Enabling banana republics and setting up criminal playgrounds might be regarded by TR's kids as a right of empire. The blowback from Cuba was pretty severe, and ongoing. The S. African model seems better than that dirty business in the Congo.
But US contractors cooking the books or tilting elections in Australia, Italy, Poland or Spain, to gin up int'l support our war policies? It makes me wonder if Bill Casey/Ollie North's self funding 'Freedom Inc.' hasn't been in play for a century now, in one form or another.

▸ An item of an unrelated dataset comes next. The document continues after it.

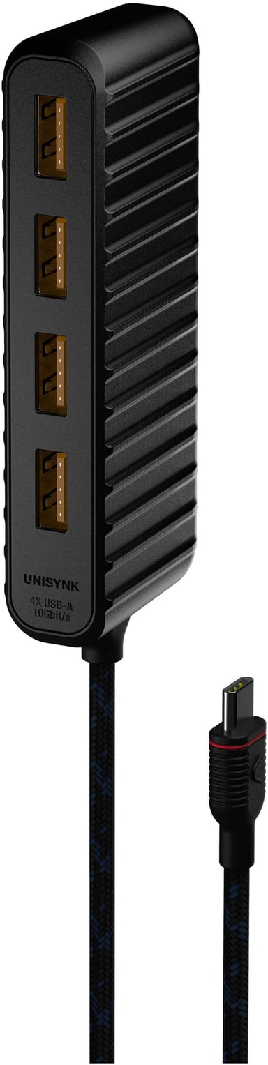 Unisynk USB-C till 4x USB-A minihubb låter dig utöka anslutningsmöjligheterna på din enhet genom att lägga till fyra USB-A 3.1-portar med upp till 10 Gbit/s överföringshastighet. Håll din enhet slimmad samtidigt som du får utökade anslutningsmöjligheter.Läs mer om produkten

The colonels and their death squads don't cost the Bonesmen anything, when the contract is drawn up. I think the local peasants find that kind of security' to be high maintenance though. And a dime security premium on a supermarket banana does add up, to help pay for the effort at our end.
Bully for the School of the Americas.
Close to a century I think - they were a modest start-up operation in the 1920s, practicing with the USMC in Central America.
A great and honest (well - sort of honest) account of the election fixing in Italy in the 50s is related by Bill Colby - the former CEO of The Company who died mysteriously while fishing in the Maryland wetlands in 1996. The book - which are his memoirs is ironically titled Honorable Men. Colby may have been "turned" late in life - he married a Democratic foreign service officer.
He was in charge of funneling the requisite funds to the Italian CD before he was posted to Nam to run the highly successful Phoenix program that robbed the VC and NVA of its village leadership, leading to a complete success for the Vietnamization policy which led to total victory for the US and peace with honor for the US and it staunch ally to this very day, South Vietnam, with its president Nguyen Cao Ky Jr. and its foreign minister Nguyen "Little" Minh.
;-)
US election fixing in Southwest Europe
almost certainly restarted in this decade. Election fixing in Australia also probably didn't end with the Reagan era incident featured in "Falcon and the Snowman".
I'd forgotten about Mr. Colby's accidental shooting. I wonder if his spirit plays canasta with J. Edgar's buddy Clyde Tolson, who suffered a similar accidental bullet to the head, while hunting deer I think.
On the issue of spymaster corruption, J. Edgar is said to have had remarkably good luck playing the ponies, and avoiding scandal. The US national police working out of an HQ named after Hoover is odd in 2009, and goes a long way toward explaining the FBI's remarkable lack of introspection after Ruby Ridge, WTC-93, Waco, Atlanta-Centennial, 9/11...
The U.S. military regularly rejects security clearance applications based on financial indemnity and they won't hesitate to revoke said clearance if there is discovery of other financial problems, including but not limited to child support issues. Many a soldier has lost their clearnace, and many an officer has lost their commission because of inability to maintain a lowly "Secret" clearance due to financial matters.
So they simply take the pro-active stance of not letting you have access to the secrets if your inability to manage your money were to become a leverage point for a spy to turn an insider into a traitor.
But a putz! A schmendrick putz. A schmendrick is a guy who would steal candy from a baby - and get caught! As we all probably know, a putz is a schmuck but small.
Happy Yiddish Thanksgiving!
Echoes of the career of the owner of the Spartak Moscow elite women's basketball team (featuring Diana Taurasi and Sue Bird), whose recent gangland-style slaying may be giving NBA commish David Stern second thoughts about okaying the purchase of the NJ Nets by a Russian oligarch.